Brief
Leave out the images and set down the records below exactly.

Data under study
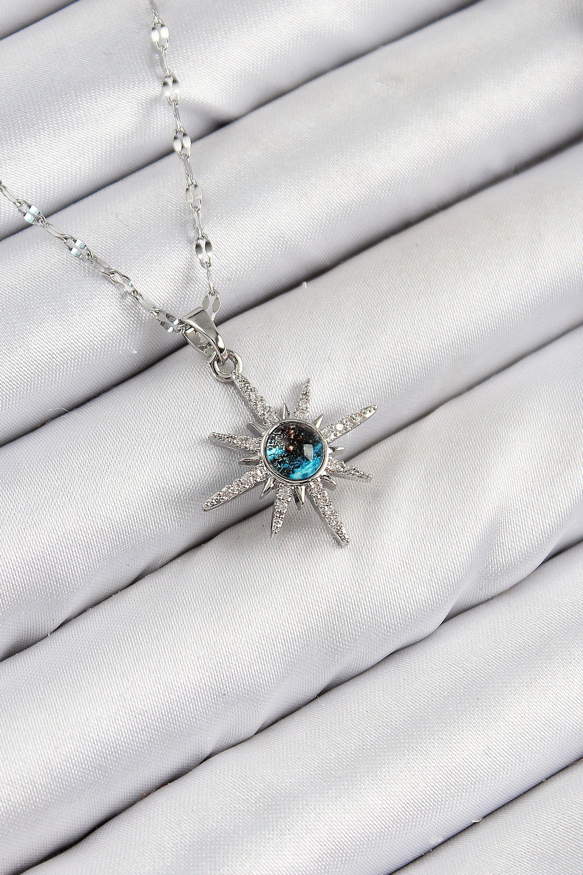 BKO10443 - 316L Çelik Zirkon Taşlı Kutup Yıldızı Model Gümüş Renk Kadın Kolye
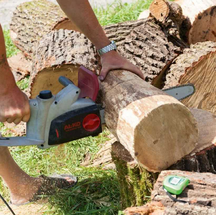 - распиловка бревна по выполненной разметке при помощи бензо- или электропилы.
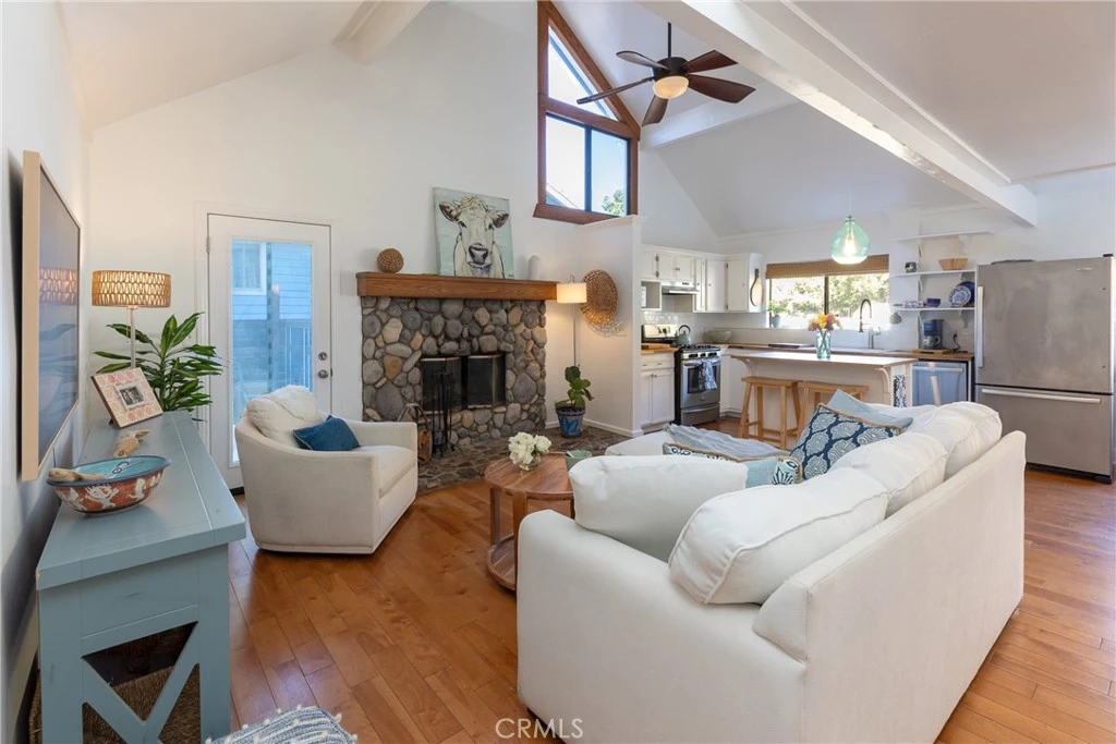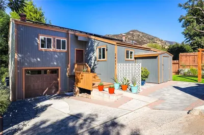 This creekside canyon charmer is a beautifully remodeled home that blends modern upgrades with cozy rustic charm. Enter from the front deck overlooking the tranquil creek and garden. The open floor plan is highlighted by an inviting living room fireplace, perfect for creating a relaxing ambiance. The luxurious remodeled bathroom features a walk-in shower, custom tile, and storage. A unique loft space offers additional space for an office, art studio, workout, or sleeping area. A fully enclosed back yard provides a quiet ambiance, and has additional storage and a wooden deck. The verdant, creekside garden includes a variety of fruit trees including a Haas Avocado. The convenience of downtown Silverado is just a short stroll away, making it easy to get the mail, grab a coffee at the Silverado Kitchen and Market, attend a lively taco Tuesday at the Cafe, or simply greet neighbors and friends. Silverado is a throwback to more gentle times, yet only minutes from all that Orange County has to offer.
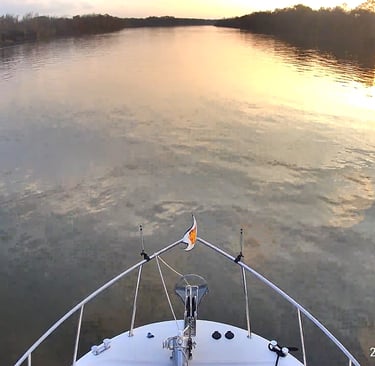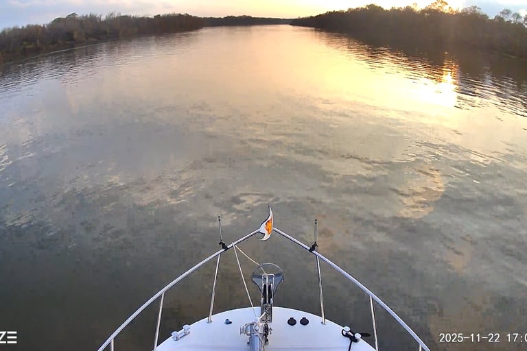 We got up at 5:30 am for a planned departure at 7. First light confirmed a thick fog with about a block of visibility settled around us. Our plan now is to delay departure until we have better visibility. We have a 54 mile run today to the last marina before Mobile with no locks to delay us. We have 266 miles yet to travel to get to Mobile, AL and the white sands of the Gulf of Mexico.
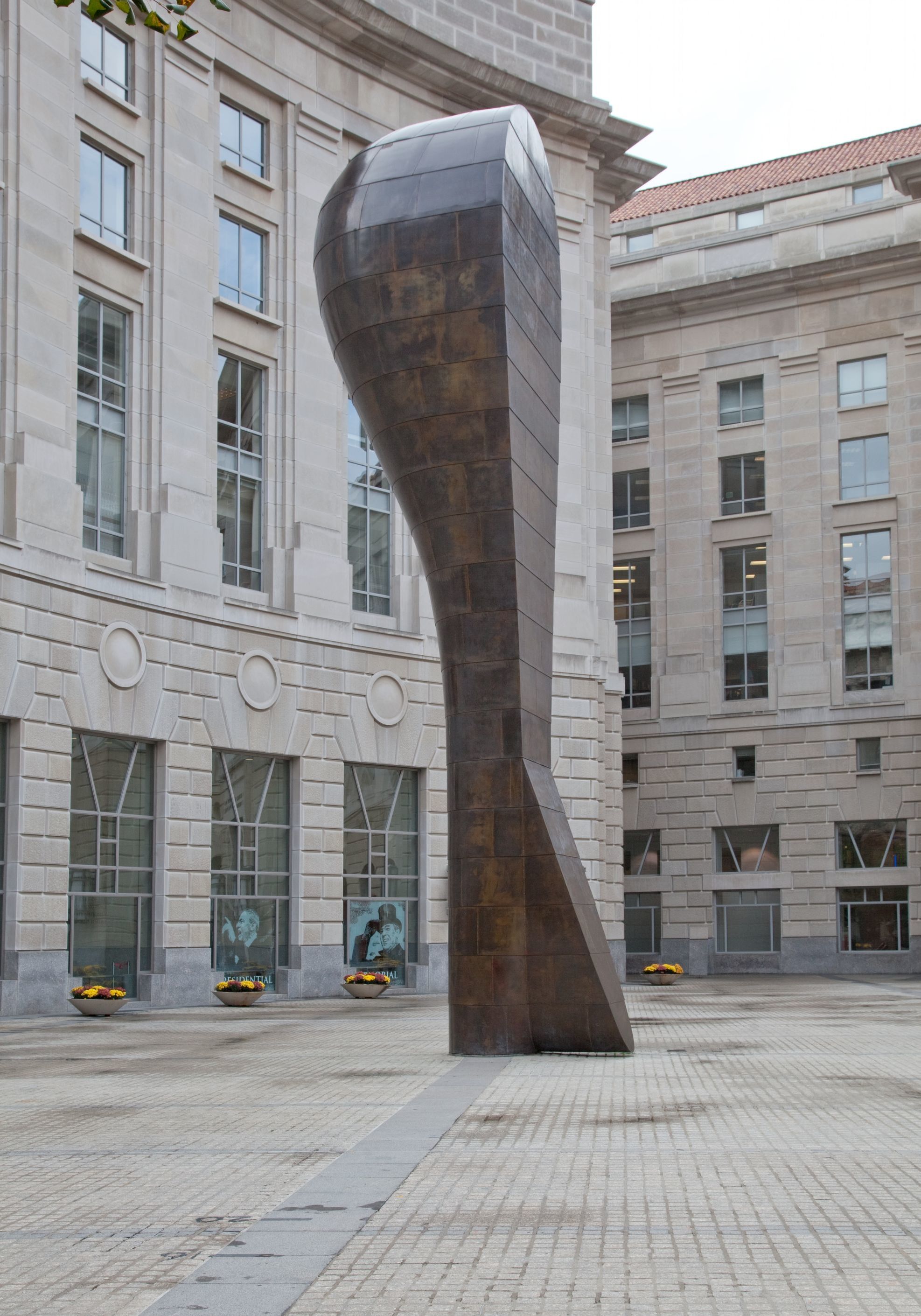 شهادت دادن Bearing Witness مجسمه قابل توجهی از مجسمه ساز مشهور "مارتین پری" است که در محوطه مرکز تجارت بین المللی رونالد ریگان واقع در واشنگتن نصب شده است. این قطعه انتزاعی تمایل "پری یر" را به کنار هم قرار دادن یک فرم انتزاعی و ساختمانهای کلاسیک نشان می دهد که حیاط را احاطه کرده اند. این مجسمه سیزده متری از ورق های برنزی منحصر به فردی ساخته شده است که با هم همپوشانی دارند و به صورت عمودی به هم جوش خورده اند. لایه خارجی از استیل ضدزنگ است.
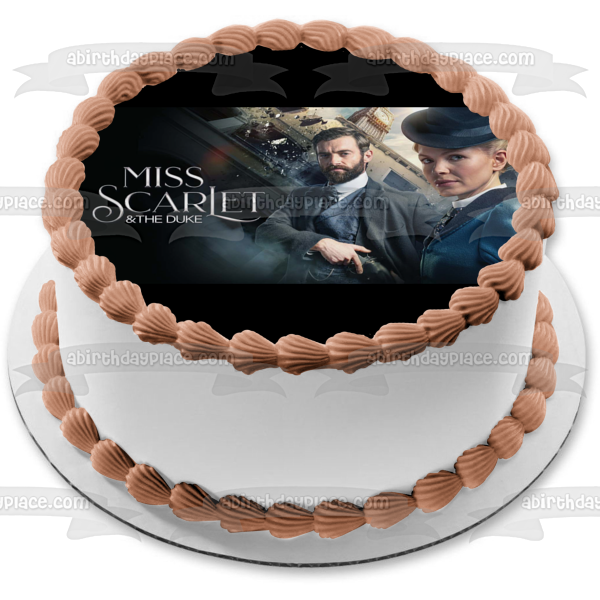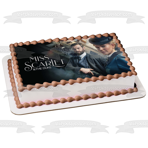 Decorate your Cake with this Miss Scarlet and the Duke themed Edible Cake Topper Image featuring Eliza Scarlet and Detective Inspector William Wellington, The Duke!
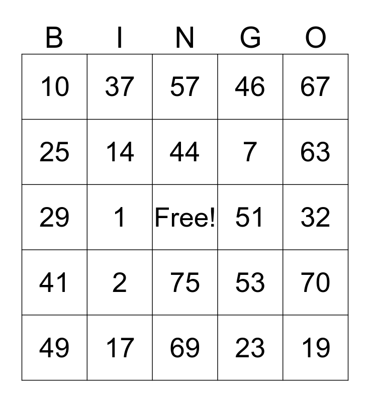 This bingo card has a free space and 24 words: 2, 17, 44, 49, 67, 10, 25, 37, 51, 75, 7, 29, 53, 70, 14, 23, 32, 57, 63, 1, 19, 41, 46 and 69.
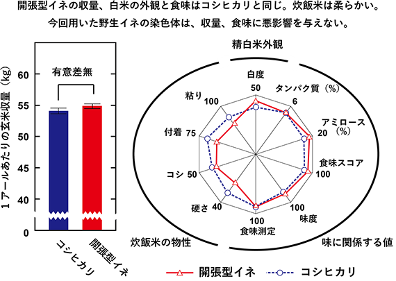 開張型イネの1アールあたりの玄米収量は、コシヒカリと同等であった(有意差はなかった)。精白米はコシヒカリ同様に白く、味に関する値はコシヒカリと比較すると、アミロース含量がわずかに高い以外は同等であった。一方、炊飯米の物性はグラフ中心に値が近づくほど炊飯米が柔らかいことを示しており、開張型イネから得られた米は、コシヒカリよりも柔らかく炊けることが示された。
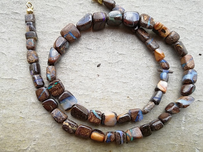 Boulderopal Kette aus lauter kleinen Boulders, stellenweise auch mit wunderschönem Feuer. Das Bild wird der Kette nicht gerecht.
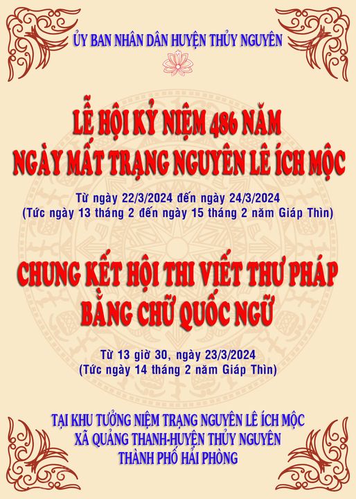 Trân trọng kính mời các thầy cô giáo, các bậc phụ huynh, các em học sinh và toàn thể nhân dân tham dự Lễ hội kỷ niệm 486 năm ngày mất Trạng nguyên Lê Ích Mộc - Chung kết hội thi viết thư pháp bằng chữ Quốc ngữ năm 2024!Trân trọng kính mời các thầy cô giáo, các bậc phụ huynh, các em học sinh và toàn thể nhân dân tham dự Lễ hội kỷ niệm 486 năm ngày mất Trạng nguyên Lê Ích Mộc - Chung kết hội thi viết thư pháp bằng chữ Quốc ngữ năm 2024!
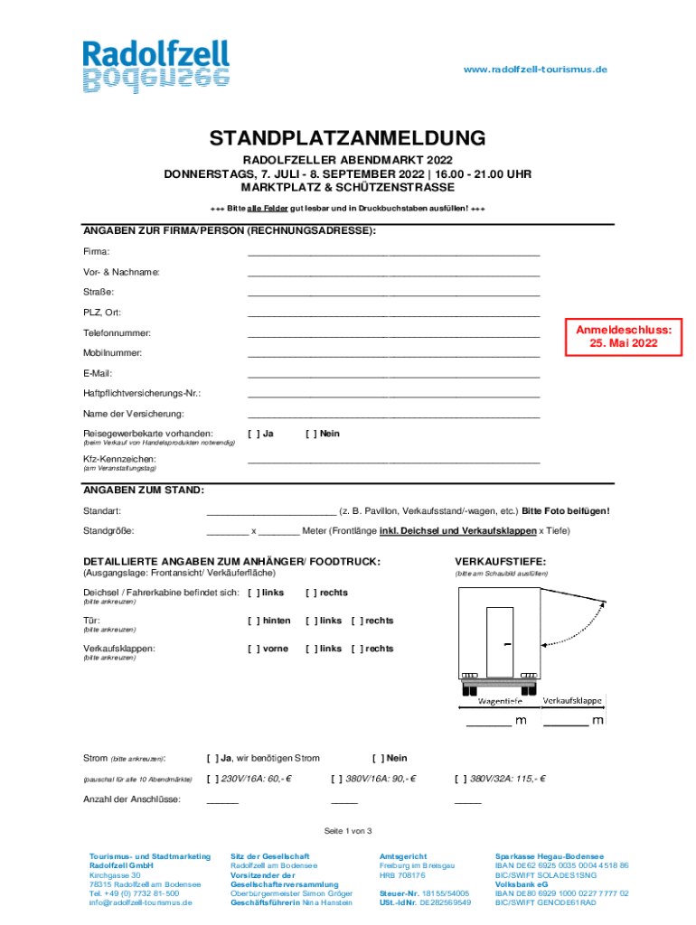 www.radolfzelltourismus.deSTANDPLATZANMELDUNG RADOLFZELLER ABENDMARKT 2022 DONNERSTAGS, 7. JULI 8. SEPTEMBER 2022 | 16.00 21.00 UHR MARKTPLATZ & SCHTZENSTRASSE +++ Bitte alle Felder gut lesbar und
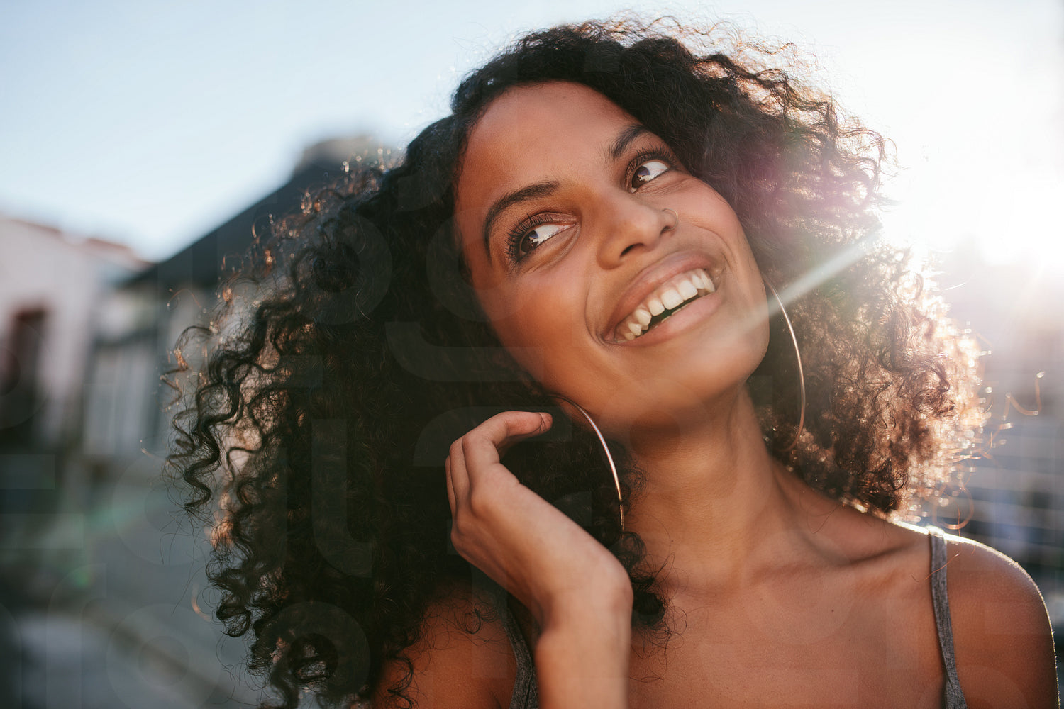 Close up portrait of young african woman with curly hair looking away. Afro american female standing outdoors and smiling.
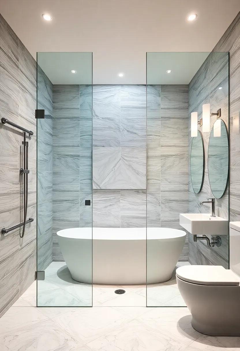 Materials ⁢matter when selecting your tiles. Consider options like​ ceramic, porcelain, or⁢ even​ natural stone to⁢ elevate your bathroom’s ambiance. The texture and finish of your tiles can also play a role in⁣ the overall ‍feel;⁤ matte tiles offer a soft, ‌understated elegance, while glossy finishes enhance brightness ‍and depth. For a polished look, try ⁤incorporating tiles⁤ in unexpected areas such as the shower floor or beneath‍ a ‍freestanding​ tub.Combining different‍ shapes—such as hexagons and rectangles—can further enhance visual ​interest and create‌ a layered‌ effect that ties all​ elements⁣ of your​ bathroom⁤ design together.

Exercise response
 BKO10443 - 316L Çelik Zirkon Taşlı Kutup Yıldızı Model Gümüş Renk Kadın Kolye
 - распиловка бревна по выполненной разметке при помощи бензо- или электропилы.
 This creekside canyon charmer is a beautifully remodeled home that blends modern upgrades with cozy rustic charm. Enter from the front deck overlooking the tranquil creek and garden. The open floor plan is highlighted by an inviting living room fireplace, perfect for creating a relaxing ambiance. The luxurious remodeled bathroom features a walk-in shower, custom tile, and storage. A unique loft space offers additional space for an office, art studio, workout, or sleeping area. A fully enclosed back yard provides a quiet ambiance, and has additional storage and a wooden deck. The verdant, creekside garden includes a variety of fruit trees including a Haas Avocado. The convenience of downtown Silverado is just a short stroll away, making it easy to get the mail, grab a coffee at the Silverado Kitchen and Market, attend a lively taco Tuesday at the Cafe, or simply greet neighbors and friends. Silverado is a throwback to more gentle times, yet only minutes from all that Orange County has to offer.
 We got up at 5:30 am for a planned departure at 7. First light confirmed a thick fog with about a block of visibility settled around us. Our plan now is to delay departure until we have better visibility. We have a 54 mile run today to the last marina before Mobile with no locks to delay us. We have 266 miles yet to travel to get to Mobile, AL and the white sands of the Gulf of Mexico.
 شهادت دادن Bearing Witness مجسمه قابل توجهی از مجسمه ساز مشهور "مارتین پری" است که در محوطه مرکز تجارت بین المللی رونالد ریگان واقع در واشنگتن نصب شده است. این قطعه انتزاعی تمایل "پری یر" را به کنار هم قرار دادن یک فرم انتزاعی و ساختمانهای کلاسیک نشان می دهد که حیاط را احاطه کرده اند. این مجسمه سیزده متری از ورق های برنزی منحصر به فردی ساخته شده است که با هم همپوشانی دارند و به صورت عمودی به هم جوش خورده اند. لایه خارجی از استیل ضدزنگ است.
 Decorate your Cake with this Miss Scarlet and the Duke themed Edible Cake Topper Image featuring Eliza Scarlet and Detective Inspector William Wellington, The Duke!
 This bingo card has a free space and 24 words: 2, 17, 44, 49, 67, 10, 25, 37, 51, 75, 7, 29, 53, 70, 14, 23, 32, 57, 63, 1, 19, 41, 46 and 69.
 開張型イネの1アールあたりの玄米収量は、コシヒカリと同等であった(有意差はなかった)。精白米はコシヒカリ同様に白く、味に関する値はコシヒカリと比較すると、アミロース含量がわずかに高い以外は同等であった。一方、炊飯米の物性はグラフ中心に値が近づくほど炊飯米が柔らかいことを示しており、開張型イネから得られた米は、コシヒカリよりも柔らかく炊けることが示された。
 Boulderopal Kette aus lauter kleinen Boulders, stellenweise auch mit wunderschönem Feuer. Das Bild wird der Kette nicht gerecht.
 Trân trọng kính mời các thầy cô giáo, các bậc phụ huynh, các em học sinh và toàn thể nhân dân tham dự Lễ hội kỷ niệm 486 năm ngày mất Trạng nguyên Lê Ích Mộc - Chung kết hội thi viết thư pháp bằng chữ Quốc ngữ năm 2024!Trân trọng kính mời các thầy cô giáo, các bậc phụ huynh, các em học sinh và toàn thể nhân dân tham dự Lễ hội kỷ niệm 486 năm ngày mất Trạng nguyên Lê Ích Mộc - Chung kết hội thi viết thư pháp bằng chữ Quốc ngữ năm 2024!
 www.radolfzelltourismus.deSTANDPLATZANMELDUNG RADOLFZELLER ABENDMARKT 2022 DONNERSTAGS, 7. JULI 8. SEPTEMBER 2022 | 16.00 21.00 UHR MARKTPLATZ & SCHTZENSTRASSE +++ Bitte alle Felder gut lesbar und
 Close up portrait of young african woman with curly hair looking away. Afro american female standing outdoors and smiling.
 Materials ⁢matter when selecting your tiles. Consider options like​ ceramic, porcelain, or⁢ even​ natural stone to⁢ elevate your bathroom’s ambiance. The texture and finish of your tiles can also play a role in⁣ the overall ‍feel;⁤ matte tiles offer a soft, ‌understated elegance, while glossy finishes enhance brightness ‍and depth. For a polished look, try ⁤incorporating tiles⁤ in unexpected areas such as the shower floor or beneath‍ a ‍freestanding​ tub.Combining different‍ shapes—such as hexagons and rectangles—can further enhance visual ​interest and create‌ a layered‌ effect that ties all​ elements⁣ of your​ bathroom⁤ design together.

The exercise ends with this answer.